Menurut Encyclopedia of Educational
Research dalam Oemar Hamalik (1980:27) bahwa manfaat media pendidikan
diantaranya: (1) Meletakkan dasar-dasar yang Konkret untuk berpikir dan oleh
karena itu mengulangi verbalisme. (2) Memperbesar perhatian para siswa. (3)

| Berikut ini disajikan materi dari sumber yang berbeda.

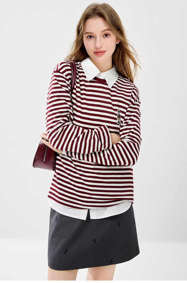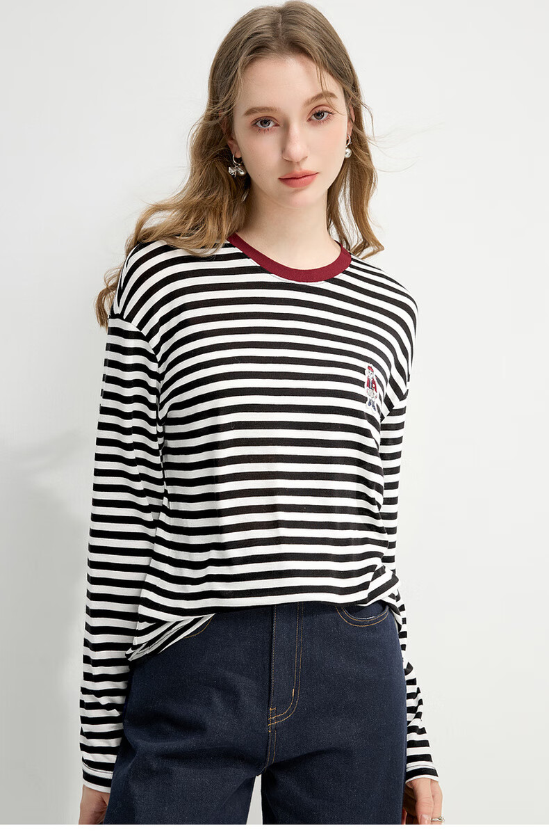 Qiushui Yiren Fashionable Simple Striped Top 2025 Spring New Commuting Style Contrast Color Ribbed Collar
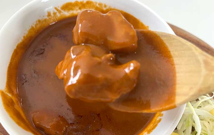 ほどよい酸味と甘み、そしてスパイスの香り豊かなコクのあるカレーは、インドカレー店の味にも引けを取らないおいしさです。

Memberikan pengalaman yang nyata menimbulkan kegiatan berusaha sendiri di
kalangan siswa.
Dari
pengertian di atas bahwa media mempunyai peranan yang sangat penting dalam
proses pembelajaran. Peranan guru dalam keterampilan atau bervariasi penggunaan
media sempat menentukan keberhasilan/optimal. Pencapaian tujuan. Dalam hal ini
sesuai dengan pendapat Djamarah (1997, 128-219) dinyatakan bahwa keuntungannya
adalah manarik perhatian anak pada tingkat yang tinggi dan menyajikan
pengalaman riil yang akan mendorong kegiatan mandiri anak.
Dari
uraian di atas penulis berpendapat bahwa dengan adanya media dalam proses
pembelajaran siswa lebih aktif, mandiri dan terlibat kegiatan langsung, bebas
menyusun dan memanipulasi benda tersebut sehingga berperan untuk membantu
mengefektifkan komunikasi dan menciptakan interaksi dalam kegiatan.